Mario Abenza

Personal information
- Full name: Mario Nicolás Abenza
- Date of birth: 19 February 1996 (age 30)
- Place of birth: Murcia, Spain
- Height: 1.83 m (6 ft 0 in)
- Position: Midfielder

Team information
- Current team: Águilas
- Number: 8

Youth career
- Murcia
- Getafe
- Coruxo
- 2013–2015: Almería

Senior career*
- Years: Team / Apps / (Gls)
- 2014–2019: Almería B / 87 / (1)
- 2017–2018: → Linense (loan) / 19 / (0)
- 2018–2020: Almería / 0 / (0)
- 2019–2020: → Sanluqueño (loan) / 22 / (2)
- 2020–2021: Real Murcia / 22 / (1)
- 2021–2023: UCAM Murcia / 62 / (2)
- 2023–: Águilas / 94 / (4)

= Mario Abenza =

Spanish footballer (born 1996)

Mario Nicolás Abenza (born 19 February 1996) is a Spanish professional footballer who plays as a midfielder for Águilas.

==Club career==
Abenza was born in Murcia, and joined UD Almería's youth setup in 2013. He made his senior debut with the reserves on 16 November 2014, coming on as a second-half substitute for Míchel Zabaco in a 1–0 Segunda División B away win against Real Betis B.

Abenza scored his first senior goal on 2 January 2017, netting the winner in a 2–1 win at CD Alhaurino in the Tercera División.
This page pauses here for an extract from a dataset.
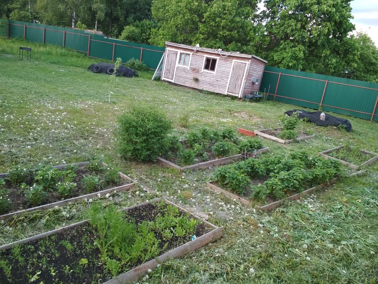 Садоводы из нас не очень. Бываем раз в 2 недели в среднем и, надеемся что оно все само вырастет. 6 грядок для меня предел)))

On 10 July, he was loaned to Real Balompédica Linense of the third division for a year.

On 18 October 2018, Abenza made his professional debut with Almería's first team, replacing José Corpas in a 3–1 home win against CF Reus Deportiu in the season's Copa del Rey. The following 17 July, he was loaned to third division side Atlético Sanluqueño CF for the season.

On 8 September 2020, Abenza signed for Real Murcia of the third tier, after terminating his contract with the Rojiblancos.